Dessine-moi une Histoire


Dessine-moi une Histoire

De "Django Unchained" à "Zero Dark Thirty", dessine-moi une Histoire.

Article de Fabien Alloin



Avant que ne se termine Inglorious Basterds (2009), Quentin Tarantino condamne les accès d'un cinéma où s’installe confortablement Hitler et tout le gratin du Troisième Reich. Quand la salle se trouve plongée dans le noir, on comprend vite que plus personne ne pourra en sortir. Une jeune femme, Shoshana, met le feu au cinéma, une petite poignée d'Américains le fait exploser et le réalisateur tord le cou à l'Histoire ; lui construit à l'explosif d'autres portes de sortie. Durant Cannes 2009, Samir Ardjoum rapportait un point important vis à vis de cette grande scène : « Tu verras, dans quelques années, les américains oublieront qu’Hitler s’est suicidé ». Sur l'écran de la salle en flammes, Shoshana éclate de rire en voyant qu'elle est enfin vengée, elle, sa famille, le peuple juif et avec eux tous les opprimés du nazisme.

Même en regardant son nouveau film sous toutes les coutures, ce renversement de l'Histoire, cette bifurcation que permet la fiction est absente de Django Unchained. Si Django se libère dans l'Amérique esclavagiste d'avant la guerre de Sécession, rien de ce qu'il fait ne semble pouvoir avoir une quelconque incidence sur l'Histoire. Profondément ancré dans la fiction, incapable d'emmener avec lui des personnages historiques aussi facilement reconnaissables que ceux d'Inglorious Basterds - Candy n'est pas Hitler - si Histoire il y a dans Django Unchained elle est autour. Elle a comme noms décors, maquillage, costumes. La petite histoire est bien lovée dans la grande mais l'esclavage, le Ku Klux Klan, l'Ouest américain, tout ça fait partie d'un tout et n’est que la mise en image d'un paysage. Quentin Tarantino y construit son film et y développe donc ses thèmes comme il l'avait fait plus tôt dans le cinéma bis - Boulevard de la mort (2007) - le film de blaxpoitation - Jackie Brown (1997) - ou le chambara et le western - le dyptique Kill Bill (2003 et 2004). Rien de nouveau sous le soleil en somme et rien ne pouvant justifier la polémique qui a accompagnée la sortie du film aux États-Unis - si ce n'est cette envie de Quentin Tarantino de revendiquer coûte que coûte cette filiation à l'égard de la grande Histoire.

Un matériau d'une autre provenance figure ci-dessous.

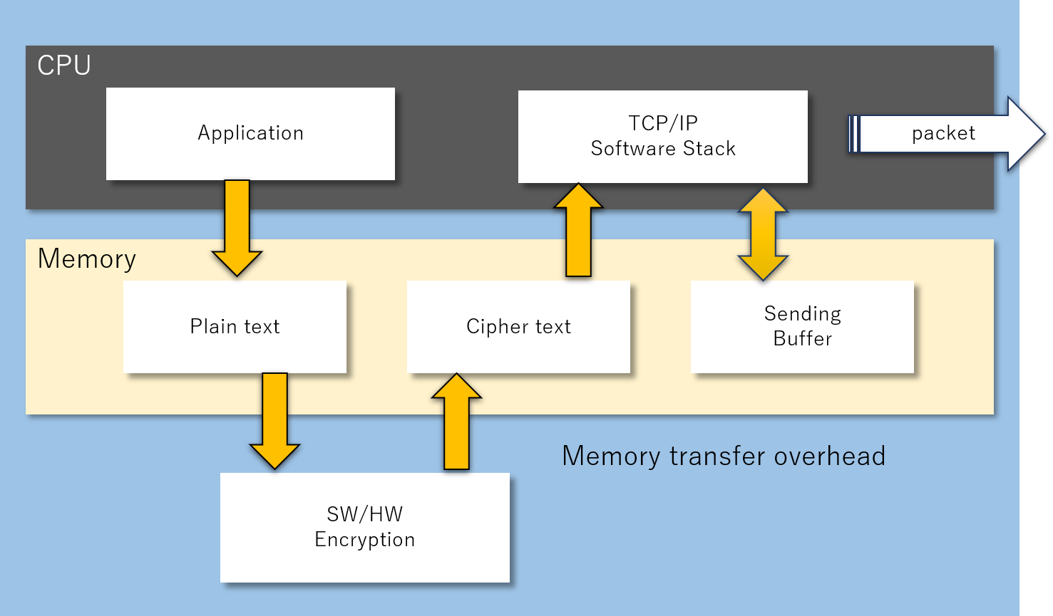 Even where using dedicated hardware for encryption, the TCP/IP protocol is typically implemented in software, resulting in memory transfers before and after encryption (left diagram).

Coincée entre faits historiques et traitement intimiste, cette semaine Kathryn Bigelow ne choisit pas. Le paysage de son Zero Dark Thirty est celui de la traque d’Oussama ben Laden orchestrée par la CIA et le personnage principal, Maya - interprétée par Jessica Chastain - est là pour nous la faire vivre de l’intérieur. Les voix des victimes du 11 septembre 2001 ouvrent le film, le corps d'Oussama ben Laden le ferme et entre ces deux instants la cinéaste ne laisse rien de côté filmant tortures, interrogatoires, briefings de bureau et fraternité de soldats comme elle suivrait avec zèle un cahier des charges. Tout cela ne serait pas si grave si le regard de Jessica Chastain ne permettait pas à Kathryn Bigelow de tout justifier. On accepte ce que l’on voit car le personnage de Maya le fait avant nous - la regarder assister avec professionnalisme à une scène de torture dès les premières minutes donne le la. Aucun regard critique ne semble possible sur des images que la cinéaste fait prémâcher par son personnage. La mort d’Oussama ben Laden apparaît alors rapidement comme une vengeance personnelle : on nous montre que le terroriste a causé le décès d’une amie de Maya et qu’à travers sa propre mort à lui, la jeune femme prendrait du galon. L’Histoire est à l’image mais n’est qu’un outil. On entend et lit à droite et à gauche dans la presse française que Zero Dark Thirty met en scène le combat courageux d’une femme au milieu d’hommes et pourquoi pas l’autobiographie déguisée de son auteur. Le profond malaise que laisse ce film, plus encore que de constater que l’Histoire n’a pas fini de se faire tordre le cou, confirme bien qu’à deux poids, deux mesures. Quand certains invitent Tupac dans leur western et se font prendre la main dans le sac tentant de forcer le passage, d’autres passent entre les mailles du filet.